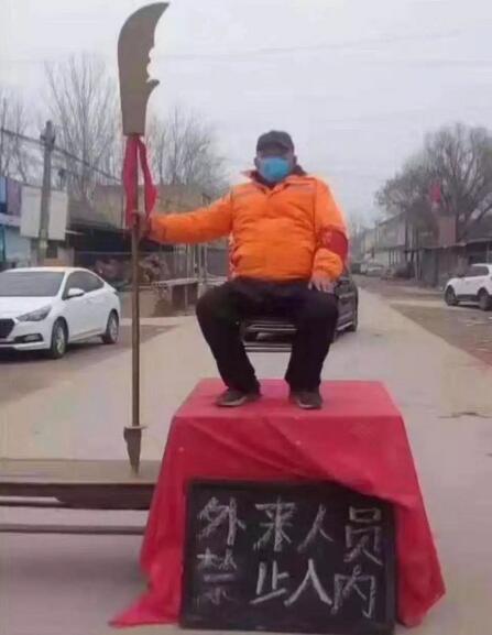 为防控疫情,不少村庄、地区都采取了封闭道路的措施,路障、警戒线,甚至“关公”都派上了用场。
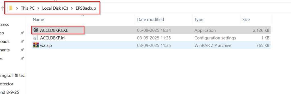 Step 1 : Run exe from it’s path – C:\EPSBackup\ACCLDBKP.EXE
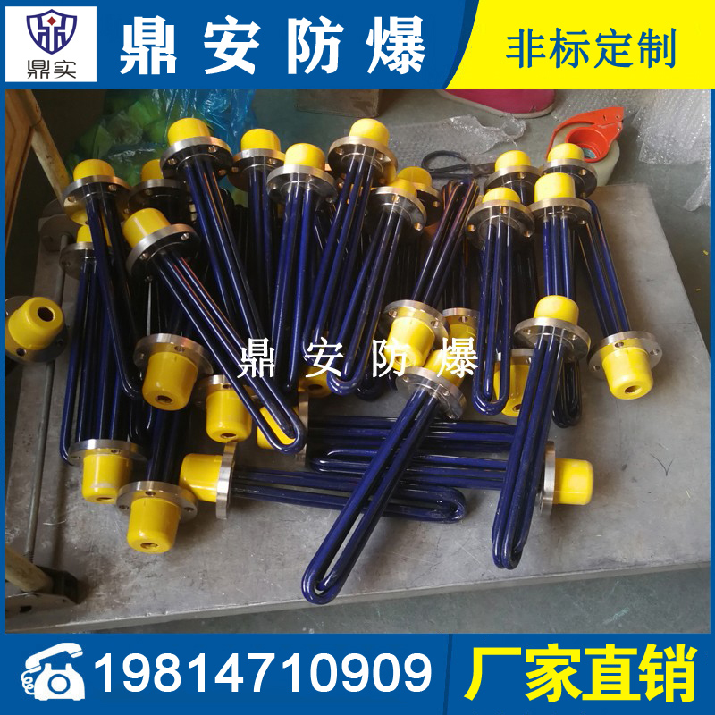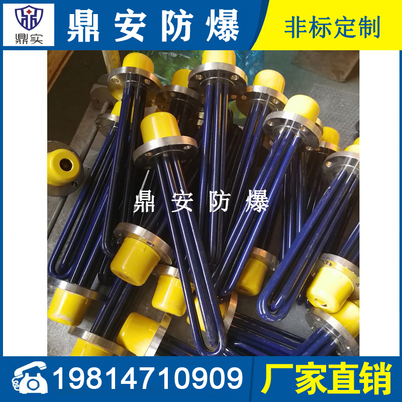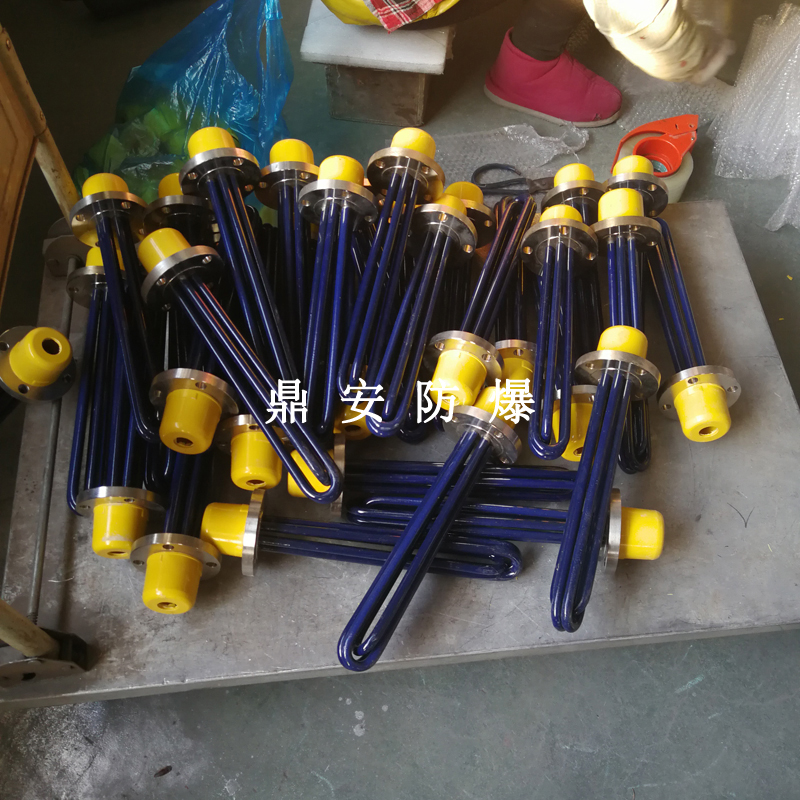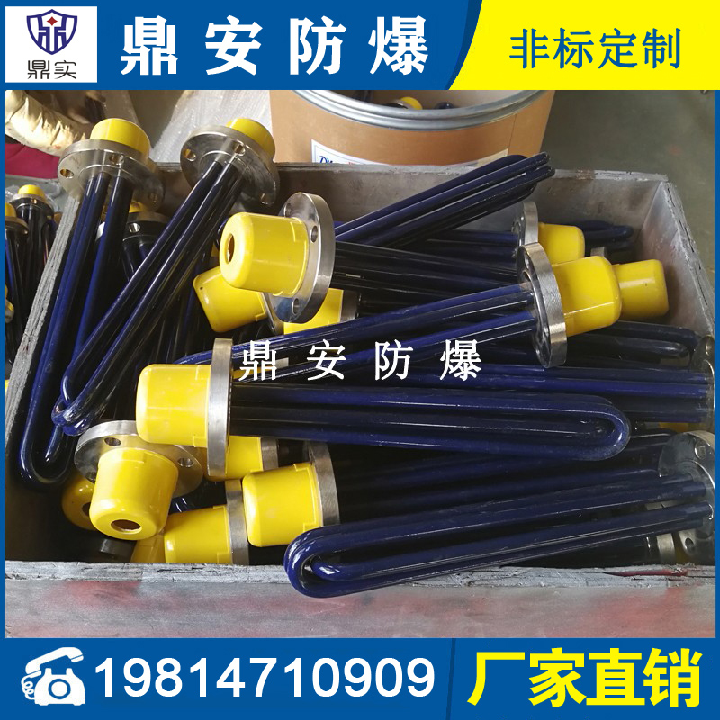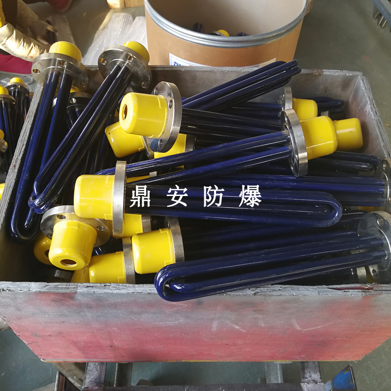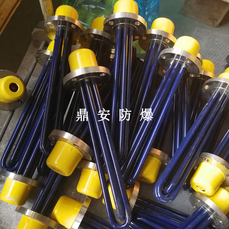 法蘭電熱管(也稱插入式電加熱器):是采用U型管狀電熱元件,多支U型電熱管焊接在法蘭上集中加熱,依據(jù)加熱不同介質(zhì)設(shè)計規(guī)范,按照功率配置要求裝配在法蘭蓋上,插入需加熱物料中,發(fā)熱元件工作時所發(fā)出的大量熱量傳導(dǎo)給被加熱介質(zhì)使介質(zhì)溫度升高,達到所需的工藝要求,主要用于敞開式、封閉式的溶液箱和循環(huán)系統(tǒng)中加熱用。

_ _ _ _

_What is expected_
Transcribe the listing in full. Omit the pictures and keep every line exact.

_Answer area_
 为防控疫情,不少村庄、地区都采取了封闭道路的措施,路障、警戒线,甚至“关公”都派上了用场。
 Step 1 : Run exe from it’s path – C:\EPSBackup\ACCLDBKP.EXE
 法蘭電熱管(也稱插入式電加熱器):是采用U型管狀電熱元件,多支U型電熱管焊接在法蘭上集中加熱,依據(jù)加熱不同介質(zhì)設(shè)計規(guī)范,按照功率配置要求裝配在法蘭蓋上,插入需加熱物料中,發(fā)熱元件工作時所發(fā)出的大量熱量傳導(dǎo)給被加熱介質(zhì)使介質(zhì)溫度升高,達到所需的工藝要求,主要用于敞開式、封閉式的溶液箱和循環(huán)系統(tǒng)中加熱用。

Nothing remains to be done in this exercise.